For those reasons Justice Finlay Geoghegan concluded that the State had failed to correctly transpose Article 2(1) of the Directive, which mirrored what Justice Laffoy had, in a previous decision, referred to as the “unfairness inherent” in the 1984 Act.
Justice Finlay Geoghegan found that by failing to provide a procedure allowing an employee who was owed a debt by their former employer, a Company which is insolvent, to obtain an order as envisaged in Article 2(1)(b) it was sufficiently serious to warrant an award of damages against the State. Justice Finlay Geoghegan granted a Declaration that the State failed to correctly transpose the Directive and made an award of damages in the sum of €16,818.75, being equal to the award of the Rights Commissioner.
It is understood that the Department of Social Protection is currently considering the Judgment and consulting with its legal advisors on the implications of the Court of Appeal decision. In respect of redundancy payments, where the employer cannot afford to pay amounts due under the Redundancy Payments Acts 1967–2007 the employer and the employee can apply to the social insurance fund for a redundancy lump sum.

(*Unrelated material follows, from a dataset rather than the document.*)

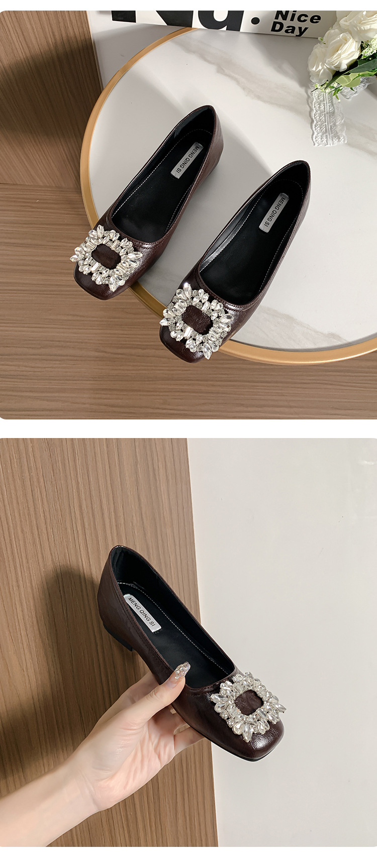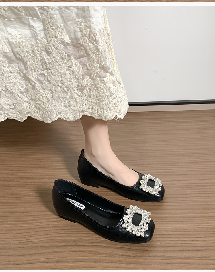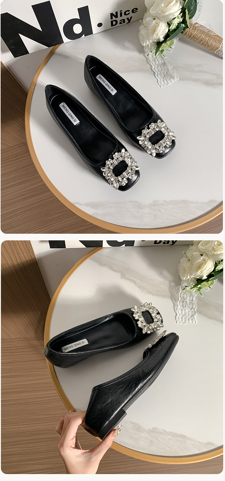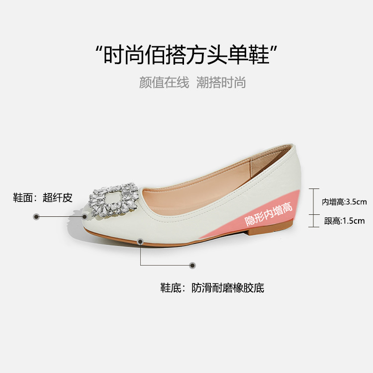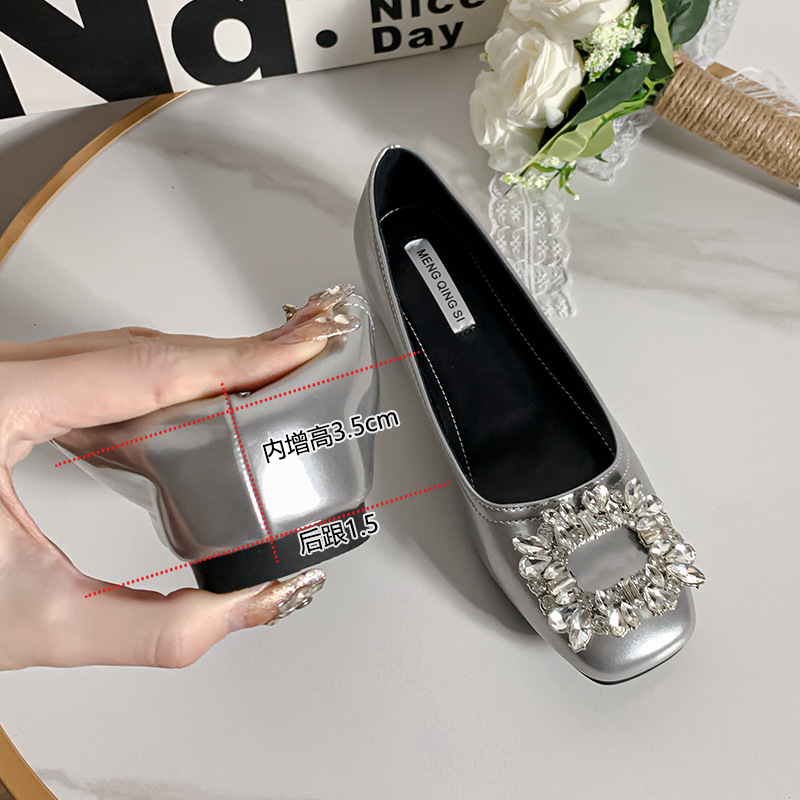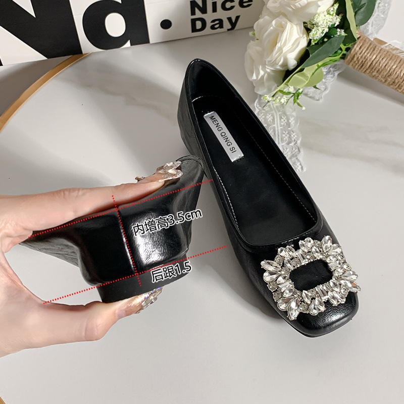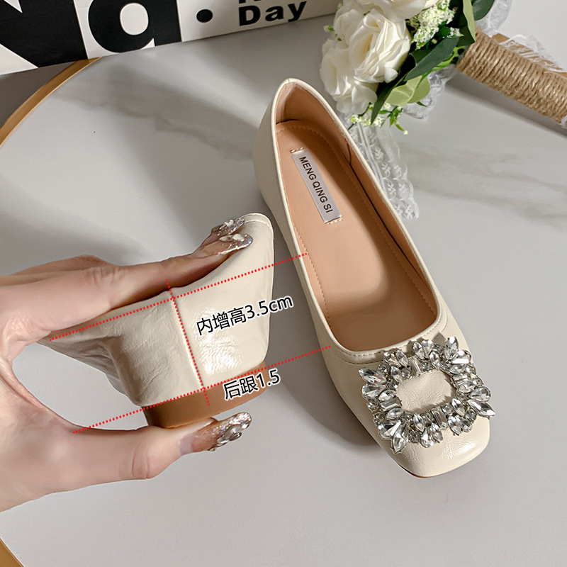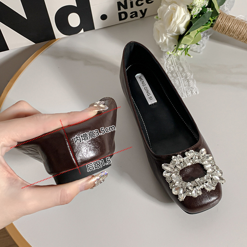 스퀘어 버클 라인스톤 작은 높이 올리기 신발 여성의 2025 새로운 32 스몰 사이즈 스퀘어 이브닝 브리즈 통근 플랫 슈즈

The same formal requirements with regard to insolvency do not apply, and generally a letter from an accountant or solicitor confirming the employer’s inability to make the payment will be sufficient. Having a less formal requirement akin to the Redundancy Payments Acts above would seem to be a more practical and cost effective way to ensure that the Directive is implemented.
The Glegola decision also highlights the importance of looking past the relevant Irish legislation to the grounding European law to ensure that the aim and articles of a Directive have been fully transposed into Irish Law.